Since this is its last installment, I can comment on the story arc in general. Mostly, I find Lacombe's character renditions a bit stiff. Even though most of the facial expressions a pretty realistic, the action poses make the characters look like they are standing still. This is especially true in this issue, with the three-way lightsaber fight between Vader, Sardoth and Darca Nyl on page 5. All three characters are seen from above, and the blurred lightsaber blades are the only indication that they are making any movements. There is another example on page 9, with a full page shot of stormtroopers shooting at Paco in the distance. The troopers seem frozen in firing positions. I know comic books are static images, but a lot of artists have a way to depict character movements and make it more cinematic. But there are good things about the artowrk as mentioned in previous reviews. Like I said, the expressions in character's faces are very detailed, and I especially love Paco Bar's looks of anger and sadness on page 2. And Lacombe also makes good use of shadows, especially fitting in the underground tunnel environment of this story.

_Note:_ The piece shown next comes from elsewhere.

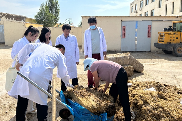 杨雨鑫老师向队员介绍青贮饲料的加工使用方法

The cover by Ryan Sook is good, but not as impressive as the one from last issue. I am a big fan of Sook's work. About the word ballons, I don't have anything against dialogue on the cover in general but here what is being said sounds a bit exagerrated. Sardoth seems to imply that he is allied with Vader against Darca Nyl, and Nyl says that he has destroyed a Sith before. As far as I know, Nyl killed Lycan who was a Dark Jedi, not a Sith, but maybe he doesn't know the difference if he thinks Sardoth is a Sith too. Unless he is addressing Vader? But I am nitpicking, this has nothing to do with the artwork itself. At least the dialogue adds some depth to the cover. Like I said, I'm all for them, being long time reader of old school comics from the 70's and 80's, but they can't all be winners.


The Ahakista Gambit comes to an end, and it is a relief. The conclusion fits the rest of the story, which doesn't bring much to the Star Wars universe in my opinion.